Les mathématiques n'ont pas besoin d'être produites
pour être là. L'esprit humain les découvre mais il ne les
crée pas. Le théorème de Fermat était vrai avant que
Fermat ne l'énonce et avant que Wiles ne le démontre
et Wiles n'aurait pas pu arriver à une autre conclusion.

> >> La plupart des scientifiques le pensent et le disent.
>
> > Citez-en juste un. Je veux dire un scientifique du
> > domaine, reconnu, et s'expliquant dans une revue

> > scientifique sérieuse et non pas dans un ouvrage


> > de vulgarisation. Citez-en juste un.
>

> Georges Lemaître parle de commencement absolu.

Dans une revue scientifique sérieuse et en faisant
explicitement référence à un « avant ».

Comprenez-vous le concept de « revue
scientifique sérieuse » ?

> > Je n'ai pas entendu parler de déification.


> > Je ne pense pas avoir de coreligionnaires.
>

> Tu es de mauvaise foi. Le néo-darwinisme fait du hasard le créateur de


> l'information biologique nouvelle qui surgit au sein du monde.

Non. L'évolution est théoriquement possible
dans un monde complètement, déterministe.

> >> Évolution que je ne nie nullement.
>
> > Ah bon ? La création de toute les formes de vie
> > par Dieu était pourtant une jolie histoire.
>
> Un mâschâl, une image sensible et intelligible, une parabole.
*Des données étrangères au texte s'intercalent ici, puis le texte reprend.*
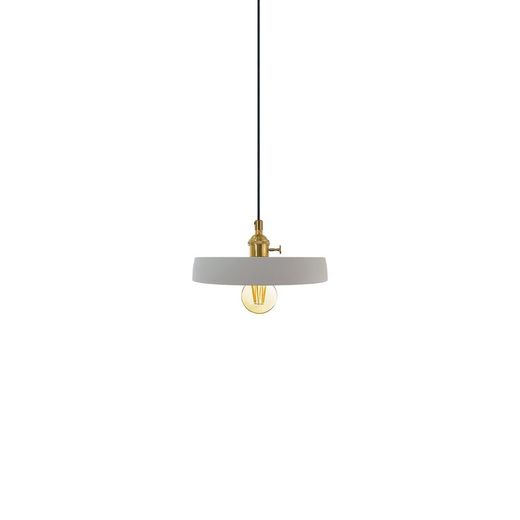 Lámpara colgante CM5041 fabricada ,florón metálico negro , campana de cemento ,portalámparas en latón dorado con interruptor incorporado en E-27 , cable en PVC negro de 1,2 mt. de largo .

Là, c'est moi qui vous invite à lire ce que certains
de vos coreligionnaires en disent.

> >> Ce que je nie c'est bien sûr l'explication
> >> métaphysique athée qu'en donne le néo-darwinisme.
>

> > Normal, c'est une explication physique, pas une

> > explication métaphysique.
>
> Bien sûr que non, personne n'a jamais prouvé que le hasard est créateur
> de nouvelles espèces.

Les théories synthétiques de l'évolution ne
disent pas que le hasard est créateur de
nouvelles espèces.

> >> Tu as le droit de tourner le dos à ce que l'esprit humain découvre
> >> lorsqu'il enquête sur les causes premières. Mais ce choix de l'ignorance
> >> et du refus de penser te conduit à adopter nolens volens des thèses

> >> métaphysiques irrationnelles. Que tu le veuilles ou non quand tu nies


> >> que la source du monde est hors du monde tu reconnais implicitement

> >> qu'elle est dans le monde. Et tu auras beau tempêter, dire que tu ne te
> >> prononces pas sur la question, la réalité de ta pensée c'est le postulat

> >> panthéiste qui la structure.


>
> > Je ne nie pas que la source du monde est hors
> > du monde, je dis que je ne crois pas que le monde

> > ait une source. Je pense qu'il « est » simplement.
>
> Ce que tu dis est contradictoire car être c'est posséder par soi-même
> toute l'information : celles des existants et celle de la source elle-même.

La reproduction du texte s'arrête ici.